Tempo foi o maior adversário no último dia de provas

Segundo professores do Cursinho da Poli, o grande obstáculo do último dia da 2ª fase da Unicamp foi o prazo para fazer as questões

Lucien Adedo, especial para o iG |

Depois de Unesp e Fuvest, chegou ao fim o vestibular da Universidade Estadual de Campinas (Unicamp), encerrando-se, assim, os grandes processos seletivos do Estado de São Paulo. Apesar do alívio em finalmente poder curtir as férias, os estudantes concluíram a segunda fase da Unicamp reclamando da dificuldade, principalmente, das provas de Física e Química.

Na avaliação dos professores do Cursinho da Poli, o exame não foi difícil, mas longo.
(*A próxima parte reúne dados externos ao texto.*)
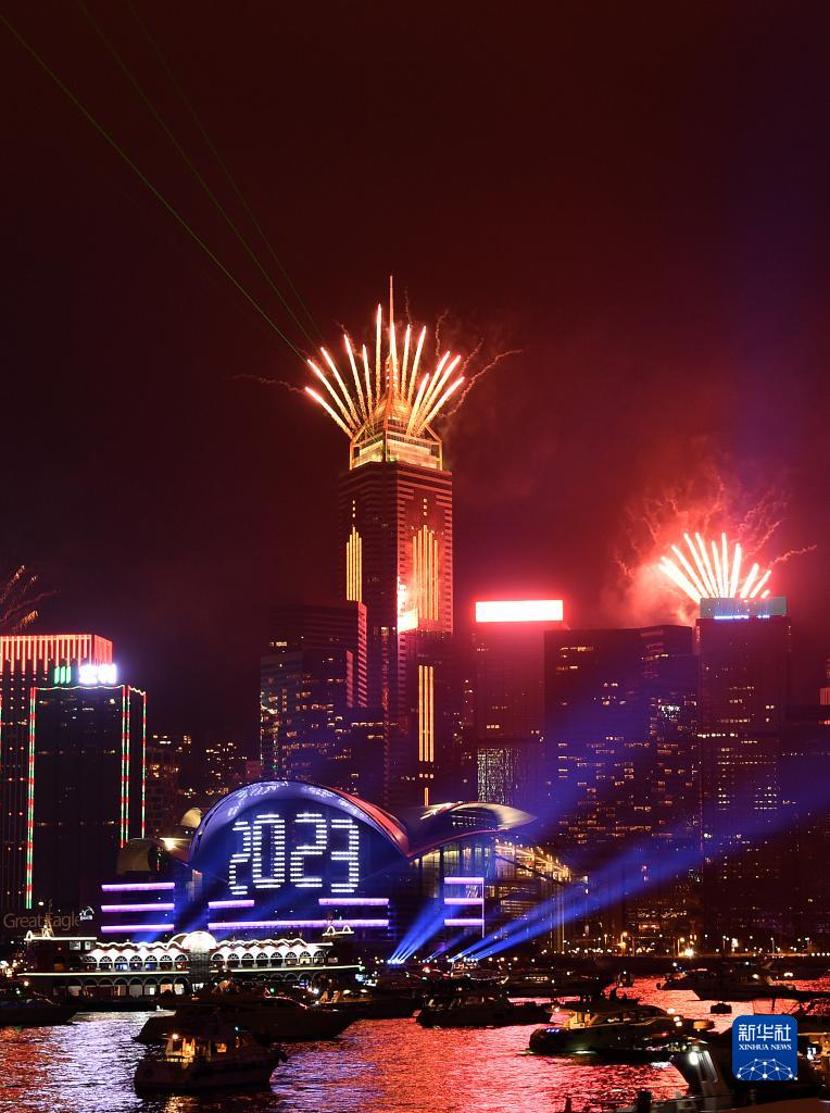 新華社香港1月1日電(記者謝妞)12月31日晚,香港地標維多利亞港變身舞臺,上演集文化藝術、體育、創意動畫與煙火、光影效果等不同元素于一身的多媒體匯演,與香港市民共同迎接2023年到來。
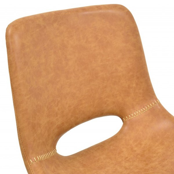 Diseño innovador y altamente confortable es la silla de comedor KATIC, con el respaldo y asiento de forma cóncava, con lo que conseguimos que nuestra espalda esté bien sujeta y podamos disfrutar durante varias horas de comidas o reuniones de empresa. Es mullida y toda ella tapizada en similpiel de color marrón claro, lleva como adorno en la zona del asiento y respaldo un agujero en forma ovalada y costuras con pespunte con hilo más claro. En conjunto forman un harmonioso dibujo que realza la calidad de sus acabados. La base inferior consta de cuatro patas de metal reforzado de forma rectangular con acabados de pintura epoxi en color negro, es maravillosa la combinación del color de la tapicería con el color negro de las patas.
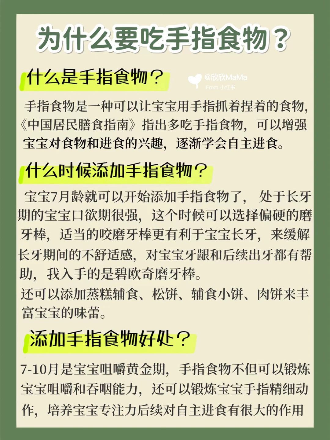 适量给宝宝添加手指食物好处多多,可以锻炼宝宝的手部精细运动,提升咀嚼能力,增强自主进食意识。
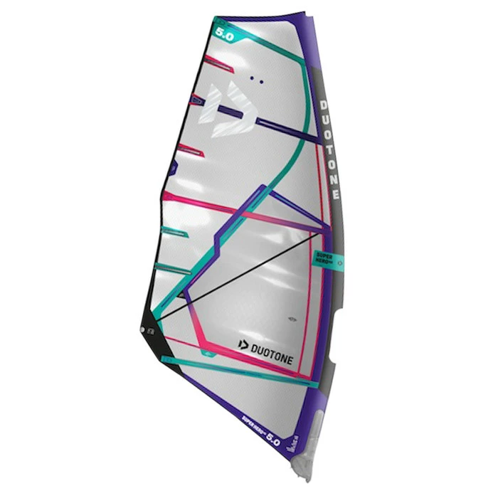 La gamme de voile Super Hero Duotone connait un renouveau en 2021, notamment sur la partie haute de la voile pour regagner en nervosité et sur les surfaces à partir de 5,0, elle reste la référence en terme de contrôle et souplesse avec son centre de poussée bas et centré.

Segundo eles, o grande problema era o curto tempo para resolver todas as questões. “Os alunos tinham que resolver 24 perguntas em quatro horas, isso significa dizer que são 10 minutos por questão dissertativa, algo a ser criticado”, explica o professor de física José Roberto Braz Paião.

Bassam Ferdinian, da mesma disciplina, concorda. Para ele, a prova não pode ser considerada difícil já que é para o pública que chegou a segunda fase. “O problema é, realmente, o tempo”, diz.

Em relação ao conteúdo, ambos afirmam que, embora de mesmo nível, o exame desse ano foi muito mais rico e bem elaborado do que o do ano passado. “Essa prova foi uma das mais contextualizada dos últimos anos. Estava linda”, elogia Ferdinian.

Outra disciplina que complicou a vida dos candidatos foi química. Para o professor Hamilton Bigatão, o estudante precisava ter uma boa estratégia para driblar a questão do tempo: “No geral, o aluno não consegue resolver todas as questões. Por isso era preciso ter uma boa estratégia, resolver questões nas quais ele detinha um maior domínio, pois 24 questões, com itens a e b é muito complicado mesmo”, avalia.

Quanto à dificuldade das questões de química, ele faz uma comparação com o vestibular do ano passado. “No formato antigo, sempre havia 2 ou 3 questões mais fáceis. Nesse novo não, todas são complicadas.”

Segundo os alunos, a exceção foi a prova de biologia, que estava "mais tranquila". Mas para o professor Edson Aihara, isso não significa que ela estava fácil.  “A prova foi bem abrangente. Apesar de pedirem conceitos básicos, as perguntas eram profundas e inteligentes. Acredito que o nível foi adequado. Não era absurdamente difícil e nem ridiculamente fácil, o que, em ambos os casos, não selecionaria ninguém.”